Steamboat Springs Routt County Judge James Garrecht appointed a neighboring district attorney's office Thursday to investigate an expense fund of former Deputy District Attorney Charles Feldmann.
Garrecht appointed 5th Judicial District Attorney Michael Goodbee to act as a "special investigator/prosecutor" at the request of 14th Judicial District Attorney Paul McLimans.
McLimans received Feldmann's abrupt resignation Monday.
Goodbee's district includes Summit and Eagle counties.
Since his resignation, Feldmann has been unavailable for comment. Feldmann worked under McLimans for more than four years in the Steamboat Springs office.
According to Garrecht's order, Goodbee's office will be investigating Feldmann's action during his recent tenure as a prosecutor and also as the project director of the Grand, Moffat and Routt Narcotics Enforcement Team.
The investigation will examine Feldmann's expense fund between October 2000 and the date of Feldmann's resignation, the order shows.
McLimans has refused to comment about any aspect of the expense fund because it is the subject of an investigation.
McLimans has said he is concerned with the situation and requested Garrecht to appoint a special investigator/prosecutor.
The veteran district attorney asked for an independent office to investigate the matter to avoid an appearance of impropriety and an appearance of conflict, his request shows.
Also on Thursday, McLimans denied Steamboat Pilot & Today access to Feldmann's expense documents. The newspaper filed an Inspection of Public Records Act request Wednesday afternoon.
McLimans denied the request because he claims the expense documents are part of Feldmann's personnel files.
McLimans also cited the expense files are part of a current investigation and therefore are exempt from being released to the public.
Feldmann's departure is being felt by other prosecutors in the Steamboat Springs office.
Cases Feldmann was responsible for are being continued to allow other prosecutors to get up to speed on them.
On Wednesday, a number of cases Feldmann was responsible for were picked up by Assistant District Attorney Kerry St.
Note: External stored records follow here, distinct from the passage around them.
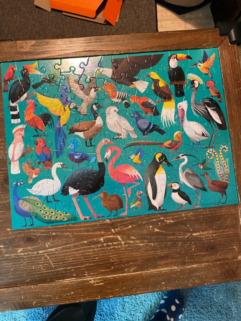 We broke out a 100-piece puzzle and I watched amazed as this little guy, separated all the edge pieces from the center ones, and formed the edge. Then began to put in the middle pieces. I put in a few pieces but he mostly built this puzzle on his own. Certainly, he had done it previously, but Matthew told me later it had been months since they had broken it out. It was a feat for someone his age.
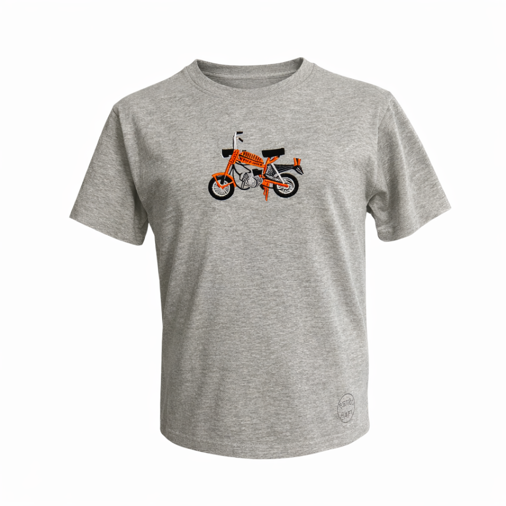 Koszulka dziecięca szara z haftem Motorynka – pomarańczowa | Retrohaft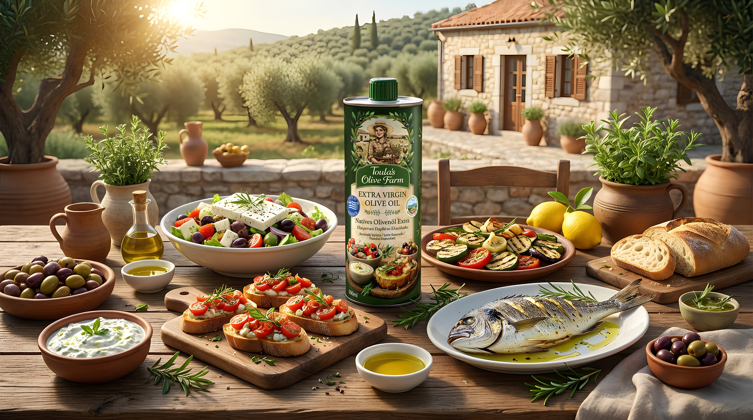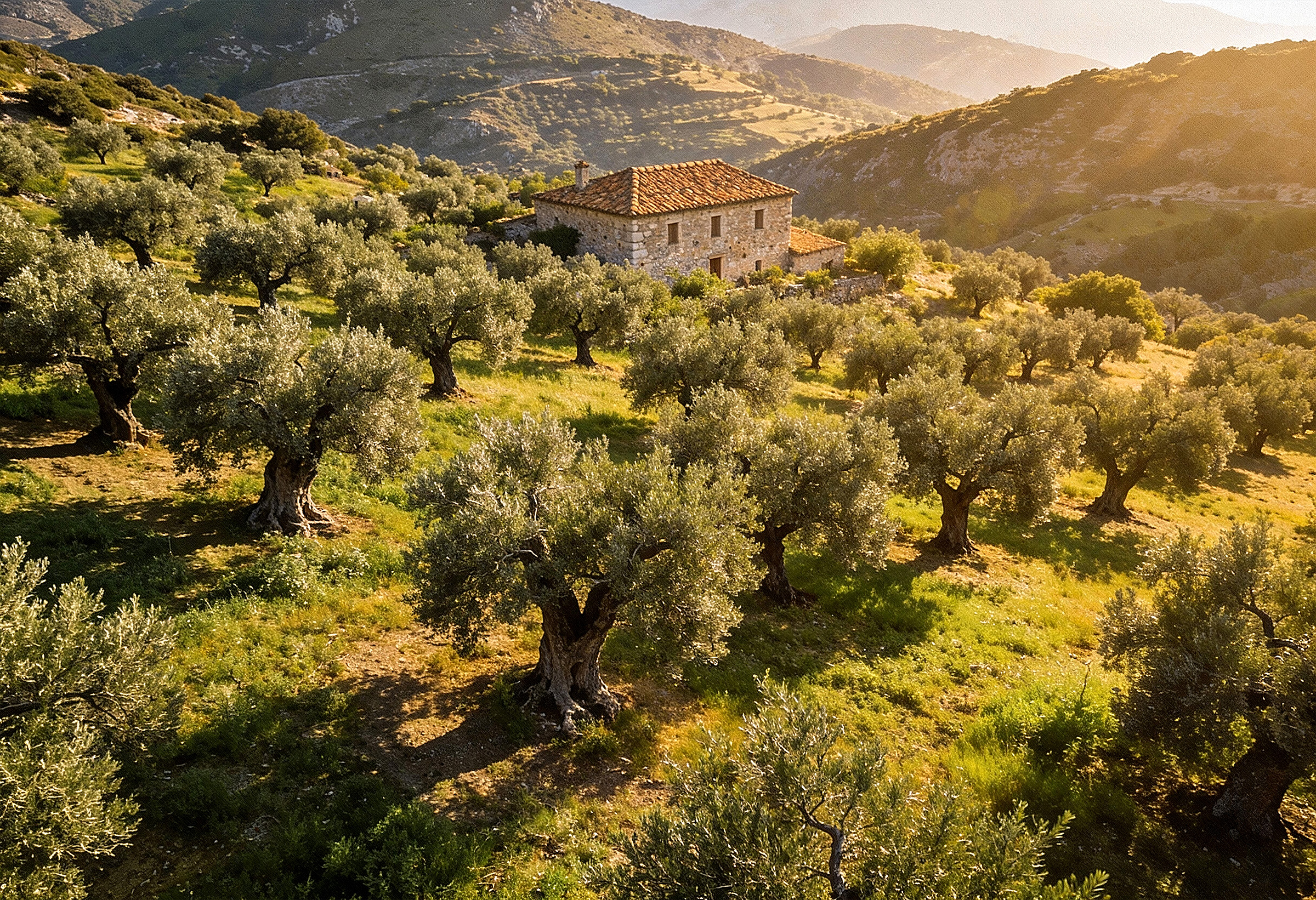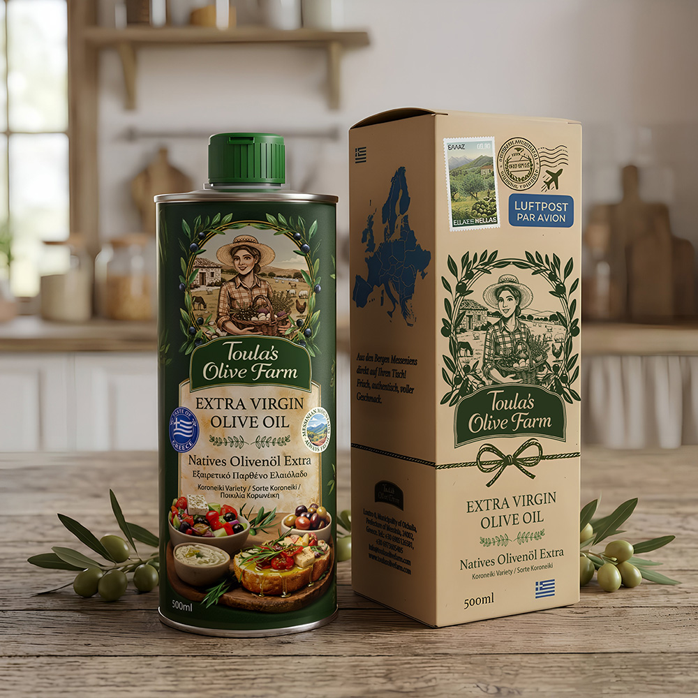 Toula’s Olive Farm is a small, family-run farm in the village of Loutro, northern Messinia, Greece. Surrounded by green hills, stone paths, and nearby rivers, our land has been cared for by our family for generations. Life here follows nature’s pace. We work by hand, without machines, allowing the land and the seasons to guide everything we grow and produce.

James.
"In the interim, I will be handling all the felony cases," St. James said.
Prior to Feldmann's resignation, felony cases were shared by St. James and Feldmann. Cases were assigned to one of the prosecutors based on the first letter of a suspect's last name.
St. James believes the workload will again be divided up using this practice once a replacement is hired, he said.
In the meantime, the bulk of the cases in the Steamboat Springs office will be handled by St. James and Deputy District Attorney Elizabeth Wittemyer, McLimans said.
The two attorneys may also receive help from other prosecutors within the three offices in the district McLimans oversees, he said.
Public Defender Norm Townsend is concerned with how McLimans' office will handle current cases to which Feldmann was assigned.
"I do have a concern," Townsend said Thursday. "There were a number of cases where we were close to reaching a settlement. I don't know how they will be handled. I don't know if they will have to be continued or we will have to start all over."
Townsend is especially concerned of delays in cases where a suspect is in custody.
The veteran defense attorney was surprised to learn of Feldmann's resignation.
"I'm saddened on a personal level," Townsend said. "It was so abrupt."
Feldmann's brief letter of resignation submitted does not give a reason for his departure, McLimans said.
Feldmann's resignation happened days after he had a meeting with McLimans last week to discuss the expense fund.